**Work instructions:** Reproduce all of the data below without alteration; exclude every picture.

**Data provided:**

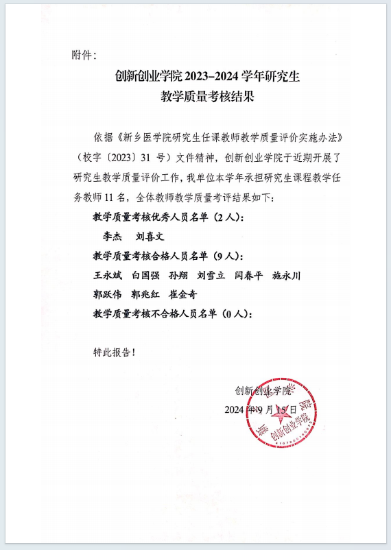 依据《华亿在线体育(中国)官方网站研究生任课教师教学质量评价实施办法》(校字〔2023〕31号)文件精神,创新创业学院于近期开展了研究生教学质量评价工作,我单位本学年承担研究生课程教学任务教师11名,全体教师教学质量考评结果予以公示:
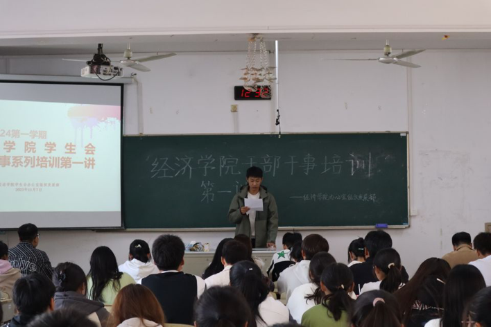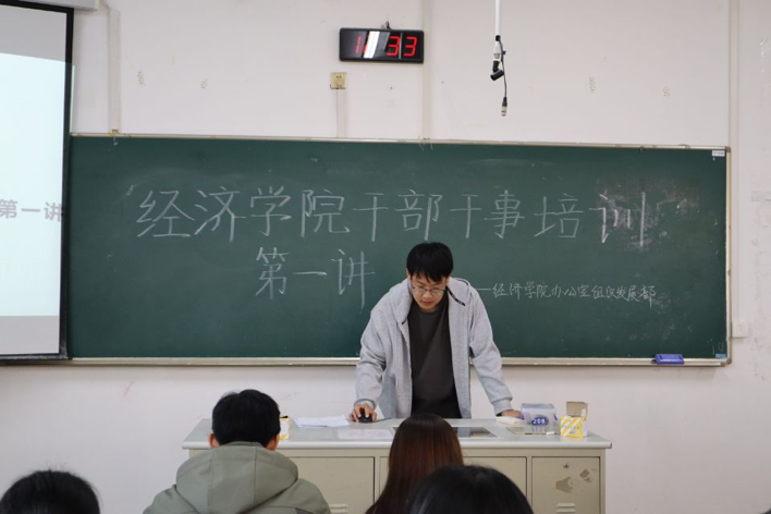 为了让经济学院学生会新进干事更快适应新的环境,高效配合部门完成内部工作,增强自我教育、自我管理、自我监督的意识。11月7日中午,经济学院学生会办公室组织发展部特联合其他部门开设2023-2024学年学生会干部干事培训系列讲座第一讲。经济学院学生会主席团及各部门干部干事出席本次活动,章子涵主持干部干事培训第一讲。
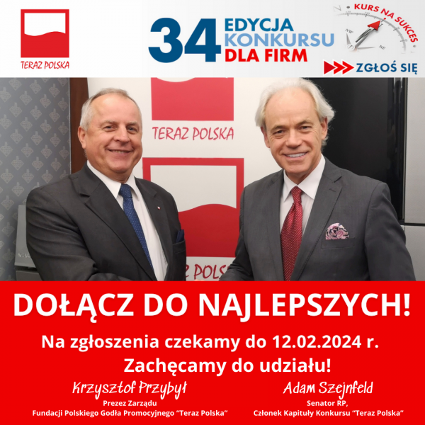 UWAGA! UWAGA! W dniu 12 lutego zakończy się termin przyjmowania zgłoszeń produktów i usług do kolejnej edycji Konkursu Fundacji Polskiego Godła Promocyjnego „Teraz Polska”.
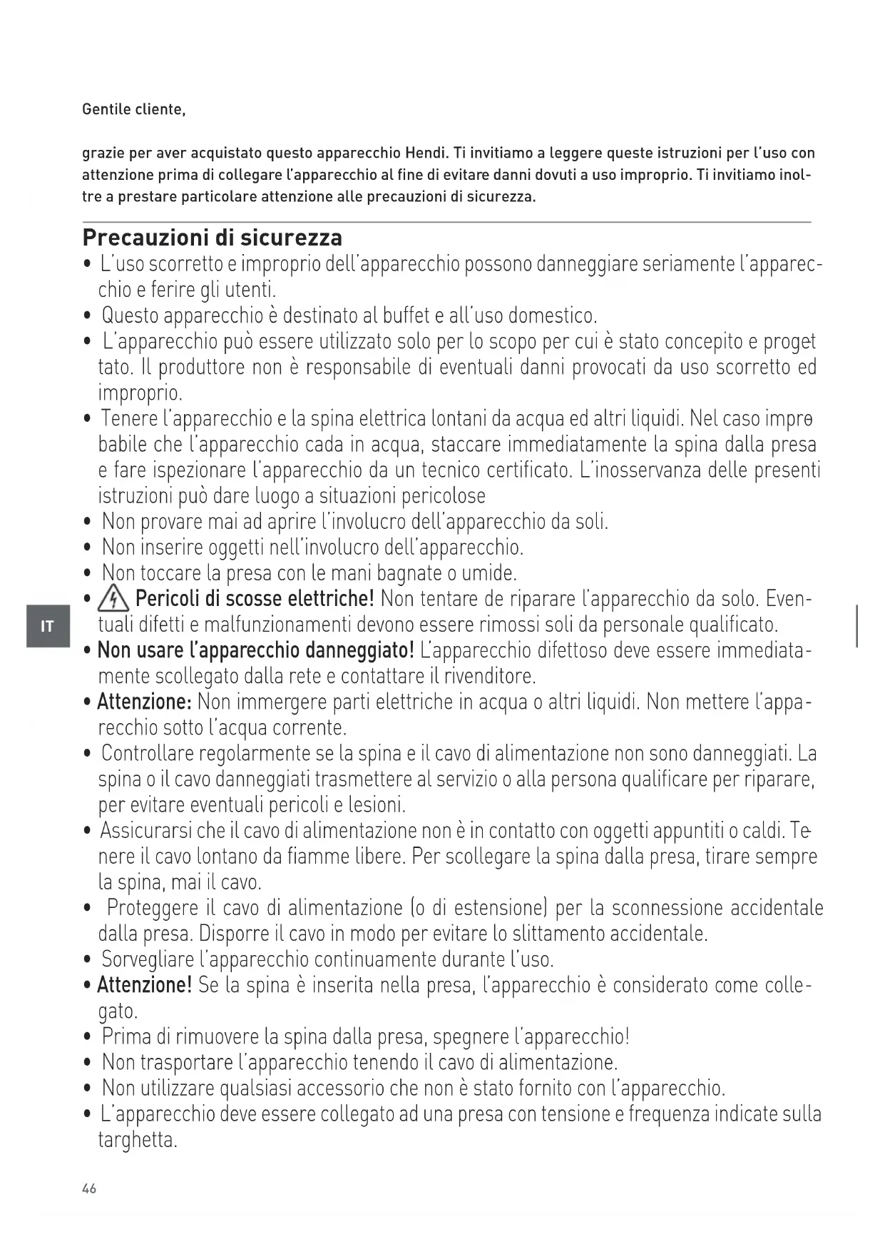 Gentile cliente, grazie per aver acquistato questo apparecchio Hendi. Ti invitiamo a leggere queste istruzioni per l’uso con attenzione prima di collegare l’apparecchio al fine di evitare danni dovuti a uso improprio. Ti invitiamo inol- tre a prestare particolare attenzione alle precauzioni di sicurezza. Precauzioni di sicurezza

**Exercise answer:**
 依据《华亿在线体育(中国)官方网站研究生任课教师教学质量评价实施办法》(校字〔2023〕31号)文件精神,创新创业学院于近期开展了研究生教学质量评价工作,我单位本学年承担研究生课程教学任务教师11名,全体教师教学质量考评结果予以公示:
 为了让经济学院学生会新进干事更快适应新的环境,高效配合部门完成内部工作,增强自我教育、自我管理、自我监督的意识。11月7日中午,经济学院学生会办公室组织发展部特联合其他部门开设2023-2024学年学生会干部干事培训系列讲座第一讲。经济学院学生会主席团及各部门干部干事出席本次活动,章子涵主持干部干事培训第一讲。
 UWAGA! UWAGA! W dniu 12 lutego zakończy się termin przyjmowania zgłoszeń produktów i usług do kolejnej edycji Konkursu Fundacji Polskiego Godła Promocyjnego „Teraz Polska”.
 Gentile cliente, grazie per aver acquistato questo apparecchio Hendi. Ti invitiamo a leggere queste istruzioni per l’uso con attenzione prima di collegare l’apparecchio al fine di evitare danni dovuti a uso improprio. Ti invitiamo inol- tre a prestare particolare attenzione alle precauzioni di sicurezza. Precauzioni di sicurezza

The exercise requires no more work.